Фриц же, поздно добравшись домой, забудется тревожным недетским сном, и в его усталом мозгу смутно прозвучат слова царя Эдипа, обвиняющего себя в страшных бедах, постигших древние Фивы, а потом, словно в тумане, промелькнет толстый, румяный мнимый больной Арган, который неожиданно превратится в средневекового рыцаря Родриго, влюбленного в прекрасную Химену. И вдруг появится француженка, христианка Заира и скажет, но уже не о магометанине Оросмане, а о главном действующем лице сна — маленьком спящем актере:
Но тут кто-то настойчиво будит Фрица, и обрывается так интересно начавшийся новый сон…
Наступила весна 1754 года. Пять месяцев работы в стенах собственного театра настроили Аккермана оптимистично: 4343 талера за восемьдесят два представления — не такой уж плохой сбор! Но впереди — постройка здания постоянного театра. Поэтому предложение из Польши от придворного шута Леппера вести совместно театральное дело в Варшаве кажется принципалу заманчивым.
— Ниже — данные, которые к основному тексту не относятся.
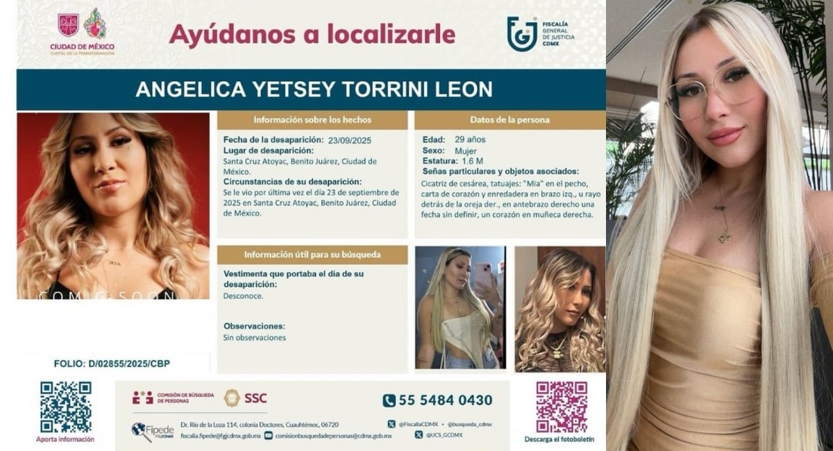 Viernes 26 de Septiembre de 2025 – 11:32amLa Fiscalía General de Justicia de Ciudad de México publicó el reporte oficial de la desaparición de Angélica Yetsey Torrini León, de 29 años, conocida en el mundo del entretenimiento para adultos como Angie Miller.

Уже апрель, пригрело солнце, и можно собираться в путь. Комедианты уедут, а в это время в Кёнигсберге, на месте, где прежде стоял старый польский костел, начнет расти гордость и надежда Аккермана — собственный театр. При нем предусмотрено и помещение для большой семьи принципала. «Выстрою театр, — думает Аккерман, — и Кёнигсберг станет моим опорным пунктом. Отсюда я смогу выезжать во все города Германии. Моим „собственным“ будет тогда не какое-то захудалое местечко, но красивый и богатый порт Пруссии. Пока же надо набраться терпения, ждать и успешно вести гастроли, чтобы оплачивать прожорливую стройку».
В Варшаве Фрица отдали в иезуитскою школу. Спокойная, ровная атмосфера, в которую он попал, сильно отличалась от той, что существовала дома. Своенравность, вспыльчивость и порывистость мальчика были умело притушены размеренной жизнью школы, терпением ее наставников. Но главное, что нравилось здесь юному актеру, — необычная праздничность и торжественная театральность католического богослужения. Видя в этом благотворное обращение души комедиантского сына к церкви, наставник еще за несколько недель до отъезда поведал Фрицу, что мог бы навсегда оставить его здесь. И получил согласие питомца.
Приближался день отъезда. Фриц вел себя так, будто вместе с труппой собирался покинуть Варшаву. Но рано утром, когда актеры готовы были тронуться в путь, он исчез. Сначала несколько раз безрезультатно справлялись, нет ли его в школе. Затем актеры дружно устремились во все переулки и закоулки, искали и звали Фрица, а отчим даже обратился в полицию. Но все было тщетно — мальчик пропал. Отчаявшаяся мать безутешно рыдала. И только актер Крон, иногда провожавший Фрица в школу, не переставал утверждать, что мальчика скрывают святые отцы.
1
В тех случаях, где автор перевода не указан, — переводчик неизвестен. (Прим. ред.)